# Add a goose to the flock?



## Hania41806 (May 4, 2021)

I’ve heard of lots of poultry farmers adding a goose to their chicken flocks because the geese will imprint on the flock and protect them from predators better than a rooster could. We have a lot of predators in my area, and although we have a rooster, we don’t think he’d stand a chance against anything that were to come at his hens. Hell, he’s scared of half his hens. I live in Alaska so it gets quite cold in the winter, but I read that geese are quite cold hardy.

Has anyone else done this? How is it working out?
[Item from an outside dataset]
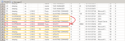 You can see all of the spids for sessions to the database. There should be five that we're are interested in: one for the "work queue" query and four for the workers to perform updates. The sp_who2 output includes a blkBy column which shows the spid that is blocking the given spid in the case that the given spid is SUSPENDED.

Do you recommend it?


----------



## robin416 (Sep 8, 2013)

I've never had geese so I wouldn't be much help. Other than having read that geese will even attack a flying predator if it gets hold of a chicken. So, it might be a plus to have.


----------



## chickenpersoon (Sep 11, 2021)

Hania41806 said:


> I’ve heard of lots of poultry farmers adding a goose to their chicken flocks because the geese will imprint on the flock and protect them from predators better than a rooster could. We have a lot of predators in my area, and although we have a rooster, we don’t think he’d stand a chance against anything that were to come at his hens. Hell, he’s scared of half his hens. I live in Alaska so it gets quite cold in the winter, but I read that geese are quite cold hardy.
> 
> Has anyone else done this? How is it working out? Do you recommend it?
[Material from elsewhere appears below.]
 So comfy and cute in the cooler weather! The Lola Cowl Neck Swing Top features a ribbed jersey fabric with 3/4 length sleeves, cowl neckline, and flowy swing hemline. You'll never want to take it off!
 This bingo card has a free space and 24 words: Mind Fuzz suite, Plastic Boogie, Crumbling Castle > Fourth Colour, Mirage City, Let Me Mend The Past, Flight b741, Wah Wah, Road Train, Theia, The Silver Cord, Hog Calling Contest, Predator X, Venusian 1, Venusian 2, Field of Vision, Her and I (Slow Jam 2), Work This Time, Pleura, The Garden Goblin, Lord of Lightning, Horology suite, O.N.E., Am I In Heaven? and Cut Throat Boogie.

I don't know if you're supposed to raise them all together- or if just putting one in would cause it to be territorial and be at the top of the pecking order. I have never done this, but are not sure its the best idea.


----------



## danathome (Sep 14, 2020)

I've had geese with other poultry when I lived in WI many years ago. The geese got on well with the other poultry, but I do not remember if they were protective of the other birds. They are very cold hardy as long as they have adequate feed and liquid water to drink. It may be worth trying. Emden Geese are huge and probably be the best to try.


----------



## Animals45 (May 11, 2021)

I've never owned a geese so I don't know how it would go, but sounds better than a little rooster trying to protect the flock.
Idk how chickens and geese would go together though.


----------



## danathome (Sep 14, 2020)

I forgot to mention that my flock of that time were free range.


----------



## Hania41806 (May 4, 2021)

danathome said:


> I forgot to mention that my flock of that time were free range.
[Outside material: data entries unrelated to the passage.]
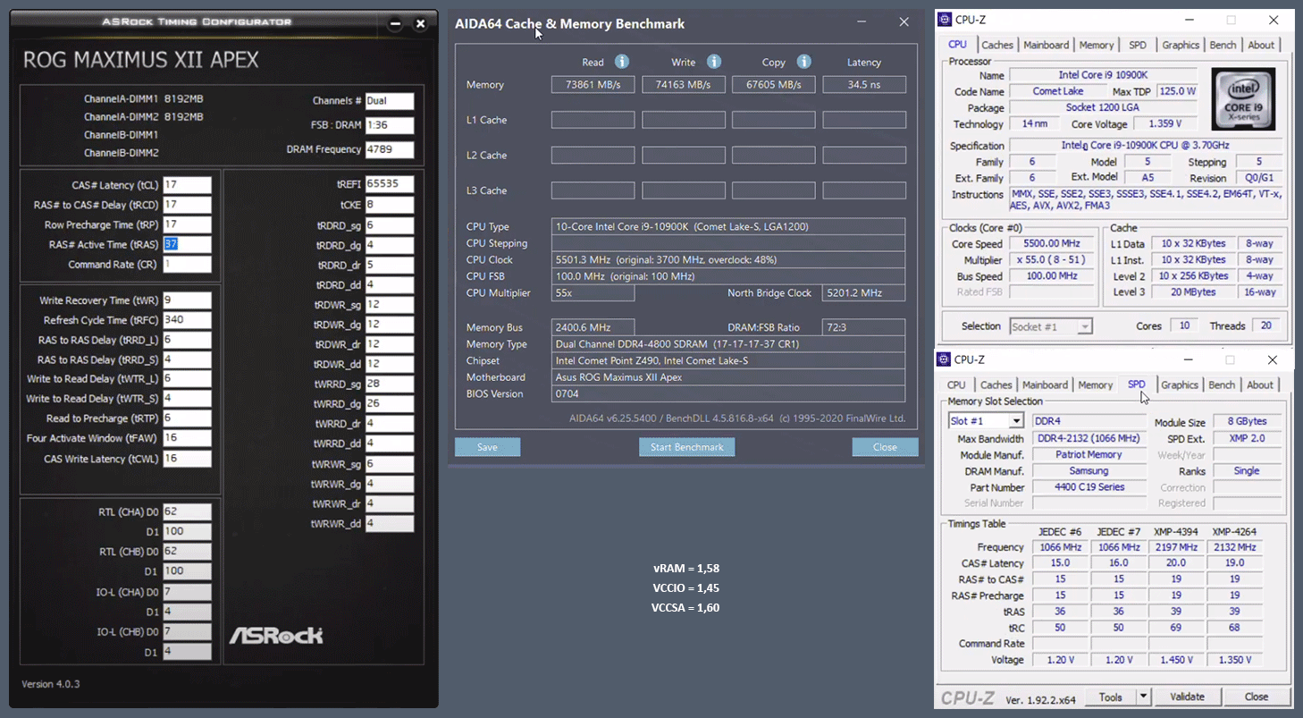 Кто-нибудь сталкивался с проблемой, когда TM5 (конфиг от anta exterme, 6 циклов) проходит без ошибок, а memtest и Karhu RAM Test сразу выплёвывают ошибки? Причиной тому мне пока удалось выявить слишком высокое напряжение VDIMM в 1.372 V при разгоне двух китов CMK32GX4M2B3200C16 с 3200 до 3400 (первички с 16-18-18-36 --> 17-19-19-38).
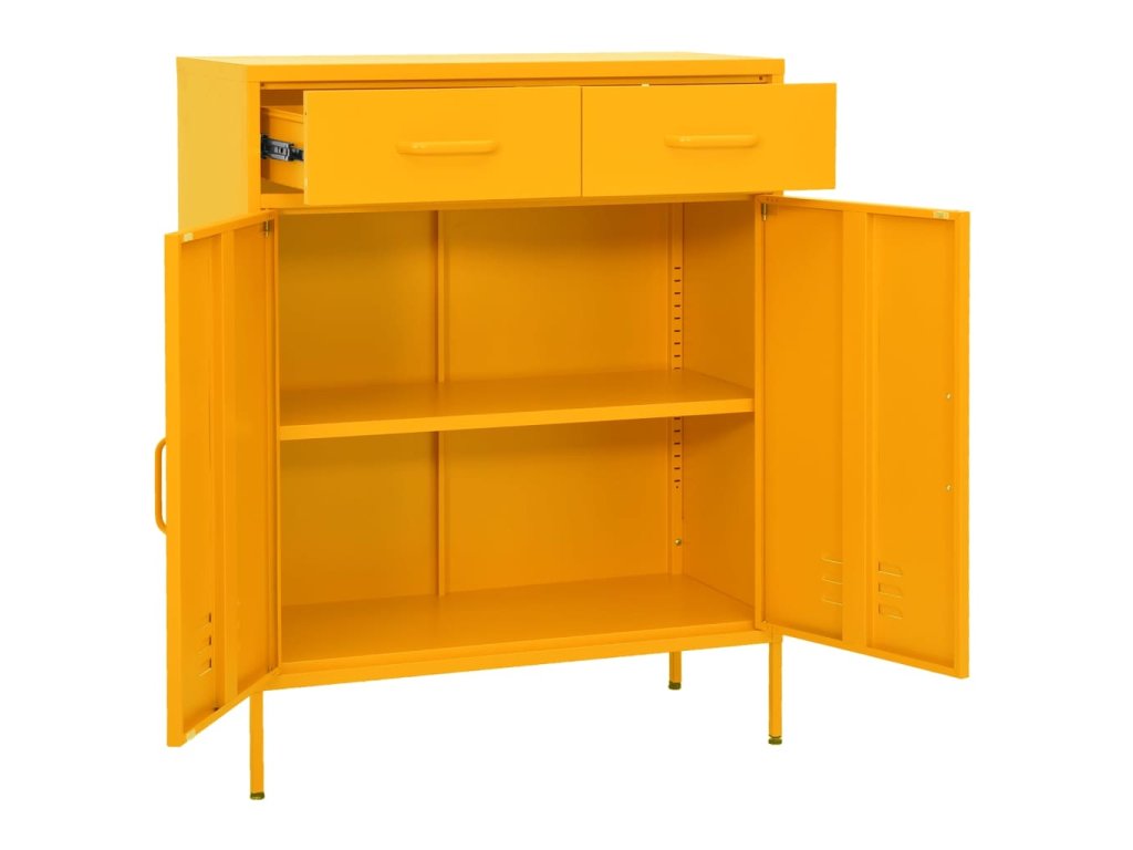Tato úložná skříň je vyrobena z oceli, je tedy pevná a stabilní. Police poskytují dostatek prostoru pro přehledné uložení DVD, multimediálních zařízení, knih a drobných nezbytností, které chcete mít po ruce. Zásuvky s třídílnými pojezdy s kuličkovými ložisky zajišťují plynulé otevírání a zavírání. I při zvýšené zátěži lze tyto zásuvky zcela vysunout. Skříňka se snadno čistí vlhkým hadříkem.
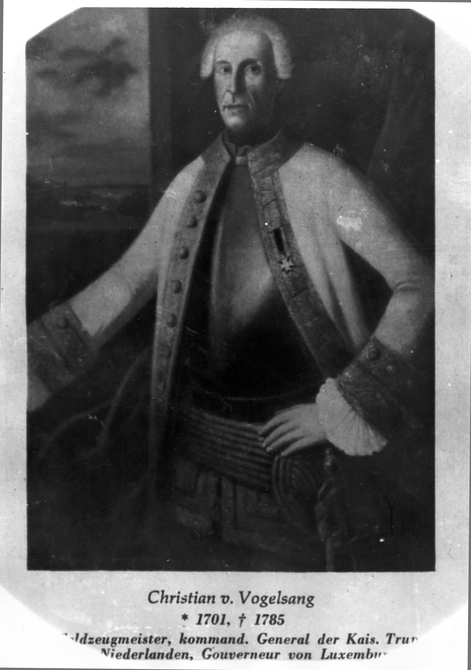 >Öfversten wälborne herr Kristian von Vogelsang som war född 1665 död d. 14 april 1731. Des saliga moder född d. 4 maij 1687 Margareta Regina Holting (skall vara Stolting). Salig herr ÖfversteLieutnanten är född d. 27 september 1716 i Cüstrin (Küstrin i Brandenburg) men aflad i Venedig. 1736 d. 20 Maij blef han volonteur wid Kongl Lifgardet i Stockholm, 1739 d. 8 aug rustmästare utan lön, 1741 bewistade Campanen i Finland, 1742 Commenderad til Stralsund efter recreuter. Samma år blef förare med lön och d. 8 aug sergeant. 1743 i Februarii afsändes allena med
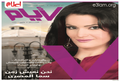 صدر العدد الجديد من مجلة 7 أيام حاملا صورة الفنانة المستبعدة من السباق الإنتخابي “سما المصري” تحت عنوان “نحن نعيش زمن سما المصري” والتحليل لرئيس التحرير د.ياسر أيوب الذي افتتح العدد نفسه بمقال عنوان ” نوبل وتونس وتركيا ومصر وأشياء أخرى مزعجة”

Yes my birds are free range, we’ve got a big backyard that’s fenced in, we’re just worried about ravens and hawks. We have eagles too but we haven’t had any problems with them.


----------



## ChickenMom24 (Feb 14, 2021)

I don’t know about geese, but I raised four turkeys with my chickens and they chase hawks away. Hawk won’t come in the yard unless turkeys are in the pen. They will circle the yard a few times and go away if turkeys are out.


----------



## Animals45 (May 11, 2021)

ChickenMom24 said:


> I don’t know about geese, but I raised four turkeys with my chickens and they chase hawks away. Hawk won’t come in the yard unless turkeys are in the pen. They will circle the yard a few times and go away if turkeys are out.


They sound like good gaurders!


----------



## Poultry Judge (Jul 15, 2020)

I've had geese before with multi-species flocks. The only issue is geese are territorial with everything and often are not good with small children.


----------



## chickenpersoon (Sep 11, 2021)

Poultry Judge said:


> I've had geese before with multi-species flocks. The only issue is geese are territorial with everything and often are not good with small children.


That's what I thought.


----------